Every line below is to be set down again exactly; any image stays out.

* Dataset content:
·····

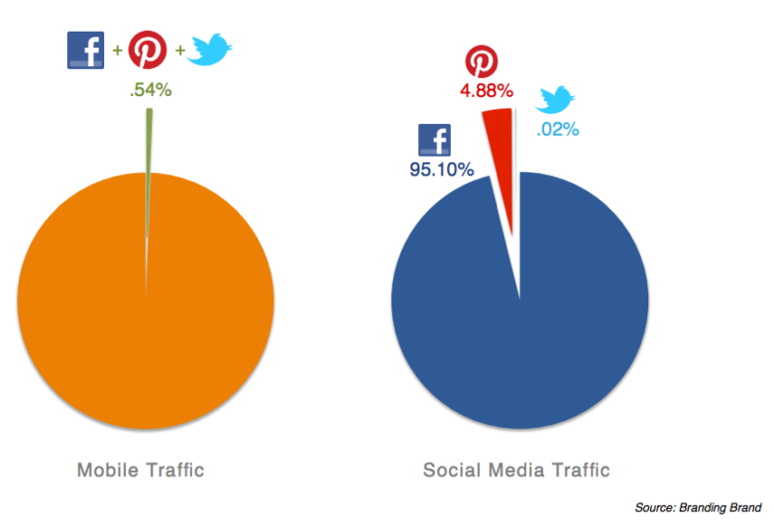 Social media, as a whole, was responsible for less than 1% of the total visits to the retailers’ mobile sites, Branding Brand found, with Facebook providing the majority of the referral traffic. Facebook sent the clients 95.1% of the social media-driven mobile visits, Pinterest sent 4.88% and Twitter 0.2%.
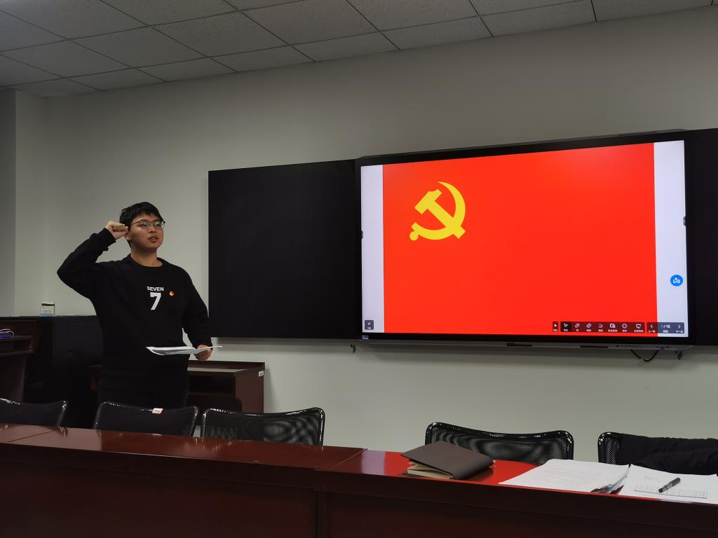 活动最后,党员代表陈嘉呈同志带领与会党员重温入党誓词,铿锵的誓言彰显着支部党员的决心和态度,将深入学习,不负使命,争做党的二十大精神的坚定信仰者、有力传播者和忠实践行者。
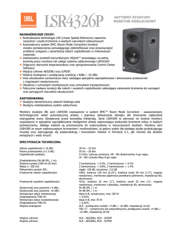 MONI AKTYWNY STUDYJNY MONITOR ODSŁUCHOWY NAJWAŻNIEJSZE CECHY: Rozbudowana technologia LSR (Linear Spatial Reference) zapewnia neutralne i czyste brzmienie w każdych warunkach odsłuchowych Automatyczny system RMC (Room Mode Correction) korekcji modów pomieszczenia pozwalającego zidentyfikować oraz przezwyciężyć problemy związane z zawartością niskich częstotliwości w miksowanym materiale; Zastosowany protokół komunikacyjny HiQnet™ pozwalający na pełną kontrolę pracy monitora lub całego systemu odsłuchowego LSR4326P; Dołączony sterownik bezprzewodowy oraz oprogramowanie Control Center Software; Wejścia cyfrowe AES/EBU oraz S/PDIF; Wejścia analogowe z przełączaną czułością +4dBu i -10 dBV; Dwa wbudowane wzmacniacze mocy zasilające specjalnie zaprojektowane i ekranowane przetworniki z magnesami neodymowymi; Obudowa z uchwytami montażowymi oraz uchwytami transportowymi; Fabryczne nastawy korekcji dla niskich i wysokich częstotliwości ułatwiające ustawienie brzmienia do wymagań oraz panujących warunków akustycznych ZASTOSOWANIA: Studyjny stereofoniczny odsłuch bliskiego pola Studyjny wielokanałowy system odsłuchowy Monitory studyjne JBL serii LSR4300 wyposażone w system RMC™ Room Mode Correction - zaawansowany technologicznie układ automatycznej analizy i poprawy odtwarzania dźwięku dla stworzenia najbardziej wiarygodnej sceny dźwiękowej przed konsoletą mikserską. Seria LSR4300 to pierwsze na świecie monitory wyposażone w specjalnie zaprojektowane inteligentne układy zapewniające doskonałe brzmienie miksu w każdym pomieszczeniu, dlatego właśnie są przeznaczone do wykorzystania w nowoczesnych studiach. Monitory serii LSR4300 ze swym nadzwyczajnym brzmieniem i możliwościami, to jedyny wybór dla każdego studia produkującego muzykę oraz zajmującego się postprodukcją i tworzeniem miksów w formacie 5.1, jak również dla studiów emisyjnych i wielu innych. SPECYFIKACJA TECHNICZNA: Zakres częstotliwości (-10 dB): Pasmo przenoszenia (±1.5 dB): Częstotliwość podziału: Zniekształcenia (96 dB SPL, 1 m): Średnie-wysokie (200 Hz-20 kHz) Niskie (< 200 Hz) Maksymalny poziom SPL: Przetwornik niskich częstotliwości: Przetwornik wysokich częstotliwości: Skuteczność przy poziomie +4 dBu: Skuteczność przy poziomie -10 dBV: Wzmacniacz sekcji niskotonowej: Zniekształcenia THD+N: Wzmacniacz sekcji wysokotonowej: Zniekształcenia THD+N: Wejścia analogowe: Wejścia cyfrowe: Wyjścia cyfrowe: 39 Hz – 32 kHz 55 Hz – 20 kHz 2.4 kHz, cyfrowa zwrotnica, HP - filtr Butterwortha 4-go rzędu, LP - filtr Linkwitz-Riley 8-go rzędu 2 harmoniczna: < 0.4%, 3 harmoniczna: < 0.3% 2 harmoniczna: < 0.8%, 3 harmoniczna: < 1.4% ciągły: 106 dB, szczytowy: 112 dB 436H, średnica 159 mm (6.25”), średnica cewki 38 mm (1.5”), magnes neodymowy, membrana papierowa powlekana polimerem, impedancja 8Ω, ekranowany 431G, średnica 25 mm (1”), średnica cewki 25 mm (1)”, magnes neodymowy, membrana z jedwabiu, impedancja 4Ω, ekranowany 94 dB SPL / 1 m 94 dB SPL / 1 m klasa A-B, symetryczny, moc 150 W < 0.02% klasa A-B, moc 70 W < 0.02% XLR - przełączana czułość +4 dBu / -10 dBV, impedancja 10 kΩ TRS ¼” - symetryczne lub niesymetryczne, przełączana czułość +4 dBu / -10 dBV, impedancja 20 kΩ XLR - AES/EBU, RCA - S/PDIF XLR - AES/EBU, RCA - S/PDIF Przetworniki analogowo-cyfrowe: Częstotliwości próbkowania: Rozdzielczość: Wejście mikrofonu kalibracyjnego RMC: Wejście/wyjście sieciowe: Protokół HiQnet™: Zasilanie: Obudowa: 96 kHz, 24 Bity, 64 x nadpróbkowanie 96 kHz, 88.2 kHz, 48 kHz, 44.1 kHz, 32 kHz 24 Bity TRS ⅛” z zasilaniem +15V RJ45 USB Typ 1 115V AC/60 Hz, 230V AC/50 Hz Płyta MDF o grubości 19 mm Wymiary kolumny: Waga: Akcesoria - Zestaw LSR 4300: Wysokość 387 mm, Szerokość 236 mm, Głębokość 262 mm 13 kg sterownik w podczerwieni, oprogramowanie LSR4300 Control Center, mikrofon kalibracyjny RMC z uchwytem, przewód USB, dwie baterie AA Działanie systemu RMC™ Room Mode Correction Mody pomieszczenia (nazywane często „falami stojącymi”) produkują często odbicia fal, dając tym samym fałszywą ocenę zawartości niskich częstotliwości w miksowanym materiale. System RMC™ (Room Mode Correction) w który wyposażony jest każdy monitor serii LSR4300, automatycznie analizuje całe pasmo odtwarzanych przez monitory częstotliwości dla miejsca realizatora oraz automatycznie dodaje odpowiedni filtr aby zlikwidować rezonans niskich częstotliwości. W chwili podłączenia mikrofonu kalibracyjnego oraz uruchomienia systemu RMC™, układ dodaje odpowiedniej wartości filtr parametryczny z regulowaną dobrocią (Q od 1 do 16) oraz zakresem od 3 do 12 dB do każdej z 73 częstotliwości (1/24 oktawy) leżącej w zakresie od 20 Hz do 160 Hz. Podczas pracy systemu RMC™, poziomy wszystkich monitorów LSR wchodzących w skład systemu odsłuchowego są dostrajane w krokach 0.25 dB tak, aby poziom natężenia SPL wszystkich w systemie był jednakowy.

·····

* Answer box:
 Social media, as a whole, was responsible for less than 1% of the total visits to the retailers’ mobile sites, Branding Brand found, with Facebook providing the majority of the referral traffic. Facebook sent the clients 95.1% of the social media-driven mobile visits, Pinterest sent 4.88% and Twitter 0.2%.
 活动最后,党员代表陈嘉呈同志带领与会党员重温入党誓词,铿锵的誓言彰显着支部党员的决心和态度,将深入学习,不负使命,争做党的二十大精神的坚定信仰者、有力传播者和忠实践行者。
 MONI AKTYWNY STUDYJNY MONITOR ODSŁUCHOWY NAJWAŻNIEJSZE CECHY: Rozbudowana technologia LSR (Linear Spatial Reference) zapewnia neutralne i czyste brzmienie w każdych warunkach odsłuchowych Automatyczny system RMC (Room Mode Correction) korekcji modów pomieszczenia pozwalającego zidentyfikować oraz przezwyciężyć problemy związane z zawartością niskich częstotliwości w miksowanym materiale; Zastosowany protokół komunikacyjny HiQnet™ pozwalający na pełną kontrolę pracy monitora lub całego systemu odsłuchowego LSR4326P; Dołączony sterownik bezprzewodowy oraz oprogramowanie Control Center Software; Wejścia cyfrowe AES/EBU oraz S/PDIF; Wejścia analogowe z przełączaną czułością +4dBu i -10 dBV; Dwa wbudowane wzmacniacze mocy zasilające specjalnie zaprojektowane i ekranowane przetworniki z magnesami neodymowymi; Obudowa z uchwytami montażowymi oraz uchwytami transportowymi; Fabryczne nastawy korekcji dla niskich i wysokich częstotliwości ułatwiające ustawienie brzmienia do wymagań oraz panujących warunków akustycznych ZASTOSOWANIA: Studyjny stereofoniczny odsłuch bliskiego pola Studyjny wielokanałowy system odsłuchowy Monitory studyjne JBL serii LSR4300 wyposażone w system RMC™ Room Mode Correction - zaawansowany technologicznie układ automatycznej analizy i poprawy odtwarzania dźwięku dla stworzenia najbardziej wiarygodnej sceny dźwiękowej przed konsoletą mikserską. Seria LSR4300 to pierwsze na świecie monitory wyposażone w specjalnie zaprojektowane inteligentne układy zapewniające doskonałe brzmienie miksu w każdym pomieszczeniu, dlatego właśnie są przeznaczone do wykorzystania w nowoczesnych studiach. Monitory serii LSR4300 ze swym nadzwyczajnym brzmieniem i możliwościami, to jedyny wybór dla każdego studia produkującego muzykę oraz zajmującego się postprodukcją i tworzeniem miksów w formacie 5.1, jak również dla studiów emisyjnych i wielu innych. SPECYFIKACJA TECHNICZNA: Zakres częstotliwości (-10 dB): Pasmo przenoszenia (±1.5 dB): Częstotliwość podziału: Zniekształcenia (96 dB SPL, 1 m): Średnie-wysokie (200 Hz-20 kHz) Niskie (< 200 Hz) Maksymalny poziom SPL: Przetwornik niskich częstotliwości: Przetwornik wysokich częstotliwości: Skuteczność przy poziomie +4 dBu: Skuteczność przy poziomie -10 dBV: Wzmacniacz sekcji niskotonowej: Zniekształcenia THD+N: Wzmacniacz sekcji wysokotonowej: Zniekształcenia THD+N: Wejścia analogowe: Wejścia cyfrowe: Wyjścia cyfrowe: 39 Hz – 32 kHz 55 Hz – 20 kHz 2.4 kHz, cyfrowa zwrotnica, HP - filtr Butterwortha 4-go rzędu, LP - filtr Linkwitz-Riley 8-go rzędu 2 harmoniczna: < 0.4%, 3 harmoniczna: < 0.3% 2 harmoniczna: < 0.8%, 3 harmoniczna: < 1.4% ciągły: 106 dB, szczytowy: 112 dB 436H, średnica 159 mm (6.25”), średnica cewki 38 mm (1.5”), magnes neodymowy, membrana papierowa powlekana polimerem, impedancja 8Ω, ekranowany 431G, średnica 25 mm (1”), średnica cewki 25 mm (1)”, magnes neodymowy, membrana z jedwabiu, impedancja 4Ω, ekranowany 94 dB SPL / 1 m 94 dB SPL / 1 m klasa A-B, symetryczny, moc 150 W < 0.02% klasa A-B, moc 70 W < 0.02% XLR - przełączana czułość +4 dBu / -10 dBV, impedancja 10 kΩ TRS ¼” - symetryczne lub niesymetryczne, przełączana czułość +4 dBu / -10 dBV, impedancja 20 kΩ XLR - AES/EBU, RCA - S/PDIF XLR - AES/EBU, RCA - S/PDIF Przetworniki analogowo-cyfrowe: Częstotliwości próbkowania: Rozdzielczość: Wejście mikrofonu kalibracyjnego RMC: Wejście/wyjście sieciowe: Protokół HiQnet™: Zasilanie: Obudowa: 96 kHz, 24 Bity, 64 x nadpróbkowanie 96 kHz, 88.2 kHz, 48 kHz, 44.1 kHz, 32 kHz 24 Bity TRS ⅛” z zasilaniem +15V RJ45 USB Typ 1 115V AC/60 Hz, 230V AC/50 Hz Płyta MDF o grubości 19 mm Wymiary kolumny: Waga: Akcesoria - Zestaw LSR 4300: Wysokość 387 mm, Szerokość 236 mm, Głębokość 262 mm 13 kg sterownik w podczerwieni, oprogramowanie LSR4300 Control Center, mikrofon kalibracyjny RMC z uchwytem, przewód USB, dwie baterie AA Działanie systemu RMC™ Room Mode Correction Mody pomieszczenia (nazywane często „falami stojącymi”) produkują często odbicia fal, dając tym samym fałszywą ocenę zawartości niskich częstotliwości w miksowanym materiale. System RMC™ (Room Mode Correction) w który wyposażony jest każdy monitor serii LSR4300, automatycznie analizuje całe pasmo odtwarzanych przez monitory częstotliwości dla miejsca realizatora oraz automatycznie dodaje odpowiedni filtr aby zlikwidować rezonans niskich częstotliwości. W chwili podłączenia mikrofonu kalibracyjnego oraz uruchomienia systemu RMC™, układ dodaje odpowiedniej wartości filtr parametryczny z regulowaną dobrocią (Q od 1 do 16) oraz zakresem od 3 do 12 dB do każdej z 73 częstotliwości (1/24 oktawy) leżącej w zakresie od 20 Hz do 160 Hz. Podczas pracy systemu RMC™, poziomy wszystkich monitorów LSR wchodzących w skład systemu odsłuchowego są dostrajane w krokach 0.25 dB tak, aby poziom natężenia SPL wszystkich w systemie był jednakowy.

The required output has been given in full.